Allow yourself to experience your feelings.
Allow yourself to grieve. It is the way to let go.

 

Personal Journal Entries

Entry #1
:
Letting Go

I don’t understand why I feel so much pain
lately. Why do I feel this way?

(My wise, inner voice): You have decided that
you will never again accept abuse from other people. There’s no
reason to hold onto your pain anymore. You can let go of it. When
you reject abuse from others, it means you are ready to begin to
release the pain of your past.

It’s true. I have decided that I will no
longer accept abuse from others. I have decided that my self-esteem
is more important than any relationship.

I need to let go of my fears, and the only
way to do that is to allow myself to feel them.

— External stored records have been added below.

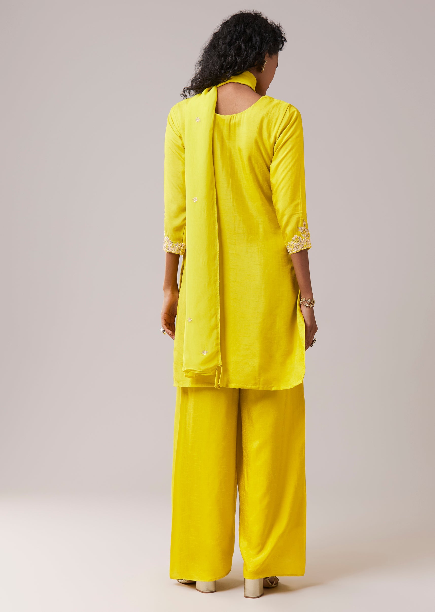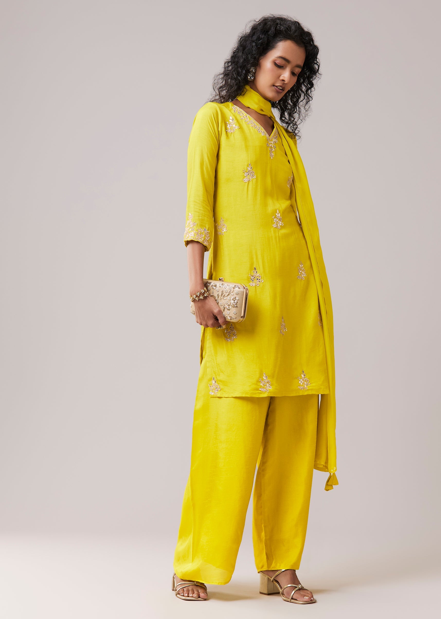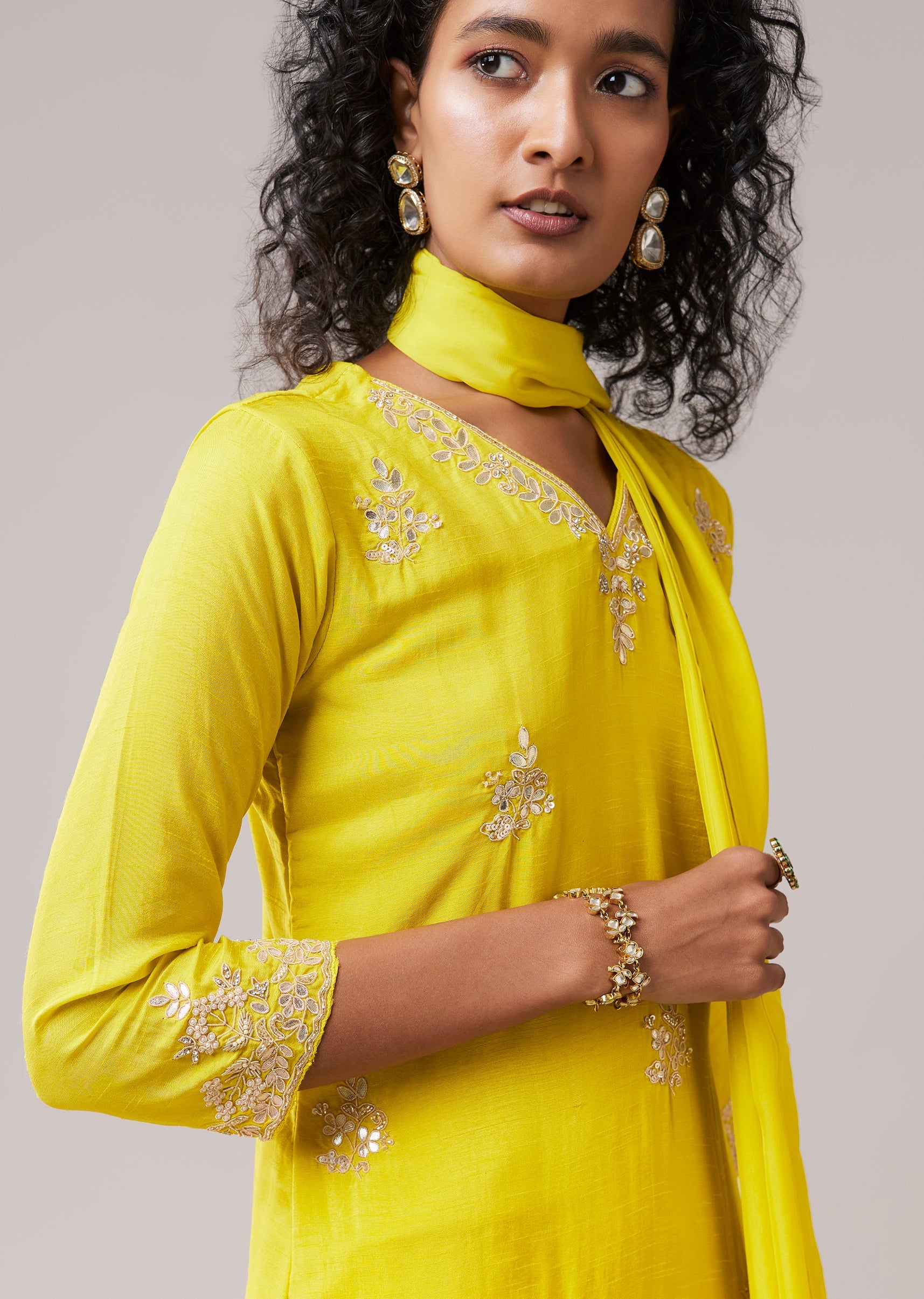 Lime Green Silk Kurta Pant Set with Gota Work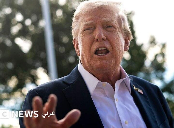 صدر الصورة، Getty Images التعليق على الصورة، الرئيس الأمريكي دونالد ترامب متحدثاً إلى وسائل الإعلام لدى مغادرته...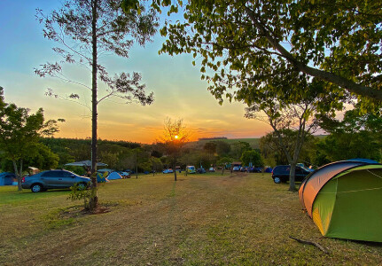 Esse camping tem estrutura rural, contato com animais e trilhas leves. A cidade oferece esportes de aventura, mas também tem opções tranquilas, como passeios de barco no Rio do Peixe. O valor médio da diária é R$ 334.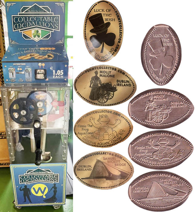 Machine 1 is located in the lobby and can be accessed without a ticket to the museum. It is a four-design Pennyman hand crank machine that costs 1 euro and 1 five-cent piece. Designs are: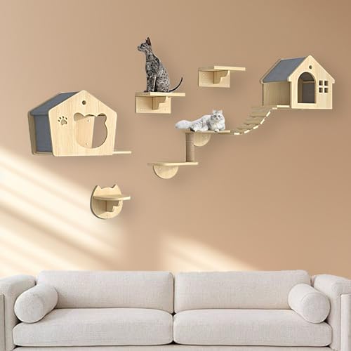 XMLYSMYS Katzentreppe Wand, Katzen Kletterwand Aus Holz Katzenmöbel Innen Wandpark, Platzsparend, für Katzenliebhaber, Zum Klettern, Schlafen, Spielen(7PCS)

Fear keeps me holding on. Fear makes me want
to numb my feelings. Fear keeps me in addiction and despair. Fear
pushes me to try and control things I cannot and should not
control.

(My wise, inner voice): You can let go of
your fear. You can allow yourself to feel your pain. This is a
natural process.

The core of this issue is my desire to
control the way I feel. I don’t always need to be in control. I can
allow myself to feel afraid. I can allow myself to cry. I can allow
myself to let go.

 

Exercise 13-1

Grieving Exercises

1. Ask yourself if there’s anything you need
to grieve. Is there any pain you’ve been holding onto or avoiding?
Something you haven’t wanted to face about the abuse or your
childhood? Take this opportunity to let go. Cry and release in a
safe place if you need to.

2. Take some time to think about your
relationship with your abuser or abusers. Who were they? What was
their relationship to you? How did they treat you? Did you ever
wish they had been different? Do you still wish they were someone
they can never be? Cry and release in a safe place if you need
to.

3. Think about your childhood. What was it
like? Were you made to act like an adult at a young age? Did you
have a traditional childhood, or was it cut short? Did you lose
your innocence or your dreams for a better life? Cry and release in
a safe place if you need to.

4. Think about the abuse. Was it painful?
Were you afraid? What hurt the most? The physical abuse, the
emotional pain, the fear, or the betrayal? Cry and release in a
safe place if you need to.

5. Think for a moment about how you have
treated yourself as a result of the abuse. Have you hurt yourself
with addictions? Have you put yourself in unsafe situations? Have
you subjected yourself to further abuse? Cry and release in a safe
place if you need to.

 

Stepping Stones to Health

Grieving

-Try to identify where you are in the
stepping-stones to health, and the next step or steps you need to
take.

_____ 1. I still carry the pain and grief of
my past, but I’m not ready to release it.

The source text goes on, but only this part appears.